Understanding Kubernetes Autoscaling: Vertical vs Horizontal Scaling Explained

7 min read

Say, you’ve built a fantastic application and deployed it on Kubernetes. Suddenly, a surge in traffic hits, overwhelming your cluster. Your application grinds to a halt, frustrating users. Ouch!

This is where Kubernetes Autoscaling comes in as a lifesaver. It automatically adjusts your cluster’s resources based on demand, ensuring your applications have what they need to perform optimally.

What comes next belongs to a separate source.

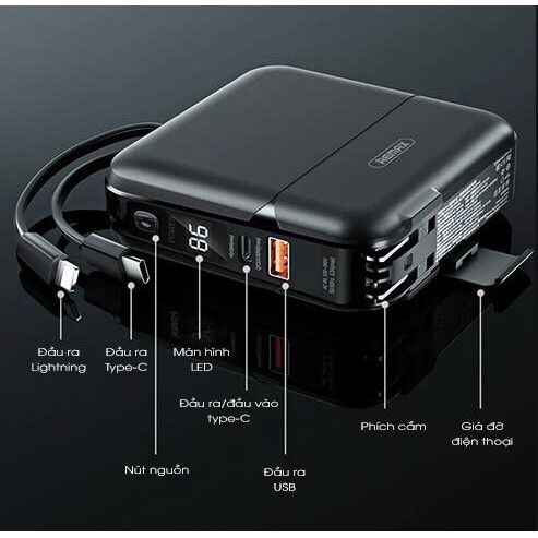 Giới thiệu Sạc Dự Phòng Đa Năng Remax RPP-20 - Hỗ Trợ Sạc Nhanh 18W - Tích Hợp 2 Cáp Sạc TypeC & Lightning - Dung Lượng 15000mAh

There are two scaling methods in Kubernetes : vertical scaling, and horizontal scaling. In this blog post, we will dive deep into each of these types of scaling and have a hands-on look at the way that each functions. We will also see the benefits each method has, as well as the drawbacks.

Vertical pod autoscaler

A vertical pod autoscaler works by collecting metrics (using the metrics server), and then analyzing those metrics over a period of time to understand the resource requirements of the running pods. It considers factors such as historical usage patterns, spikes in resource consumption, and the configured target utilization levels. Once this analysis is complete, the VPA controller generates recommendations for adjusting the resource requests (CPU and memory) of the pods. It may recommend increasing or decreasing resource requests to better match the observed usage. This is the basis of how a VPA works. However, this is not the end of the job for the VPA, as it has to constantly monitor and create a feedback loop where the VPA regularly adjusts pod resources based on the latest metrics.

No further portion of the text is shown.